サステナブル・アパレル連合が作成した指標、Higg Material Sustainable Indexによると、牛革はポリウレタンでできたヴィーガンレザーと比較し約3倍も環境に有害だという。

「レザーのなめし加工は世界で5番目に大きな汚染の脅威と指摘されており、180万人に直接影響を与えています」とキャルバート氏は述べる。

「プラスチックでできているからといって、それが環境に最も悪い選択肢というわけではありません。実際に、牛革の腐敗を防ぐための加工の環境負荷を考えたら、動物のレザーはサステナブル素材リストで最下位に位置するでしょう」

環境負荷を気にする消費者はどうすればいいの?

ここで重要になるのが、あなたにとっての優先順位だ。動物保護を目的でヴィーガン生活をしているのであれば、もし新品のプラスチックからできていたとしてもヴィーガンレザーを選択するのが良いかもしれない。でも、あなたにとって環境問題も同等に重要なら、どこかで妥協点を見つける必要がある。

ラ・マナ氏は自身をヴィーガンと認識しており、ヴィーガン食を実践しているが、個人的にはヴィーガンレザーではなく、ヴィンテージの本物のレザーを選ぶという。

「これはヴィーガンコミュニティーを二分する決断で、この選択により、私はもはやヴィーガンと呼ぶべきではないと言う人もいます。その気持ちは分かります」と彼女は続ける。

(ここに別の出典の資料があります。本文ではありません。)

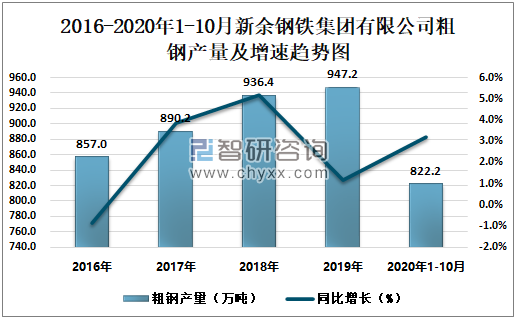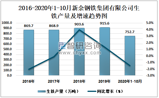 根据冶金工业信息中心数据显示:2020年1-10月新余钢铁集团有限公司钢材产量为753.0万吨,同比增长5.0%;粗钢产量为822.2万吨,同比增长3.2%;生铁产量为752.7万吨,同比下降1.5%。
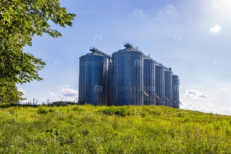 Сельскохозяйственные силосы амбарная башня. Большие железные бочки с зерном
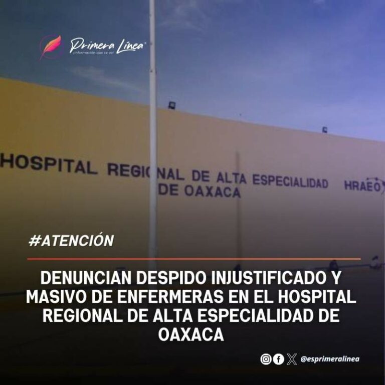Denuncian despido injustificado y masivo de enfermeras en el Hospital Regional de Alta Especialidad de Oaxaca En 2024, alrededor de 120 enfermeras fueron contratadas por el IMSS Bienestar para trabajar en el Hospital de Regional de… 5 enero, 2025

「最終的に、私は倫理的な理由だけでなく、地球の環境のためにヴィーガンであり、ファッションやアクセサリーを購入する際の目標は、新品を買わないことです」

「私たちは今、物に埋め尽くされています。そして、新品は全て、生産・輸送・マーケティングなどの工程を経ており、貴重な化石燃料を燃やしているのです」

ヴィーガンレザーを購入する際は、ラベルに記載されている素材を確認し、十分な情報を得た上で選択しよう。天然素材から作られたヴィーガンレザーは比較的高価だが、地球を救うためにお金を貯める価値はあるかもしれない。

ハフポストUK版の記事を翻訳・編集しました。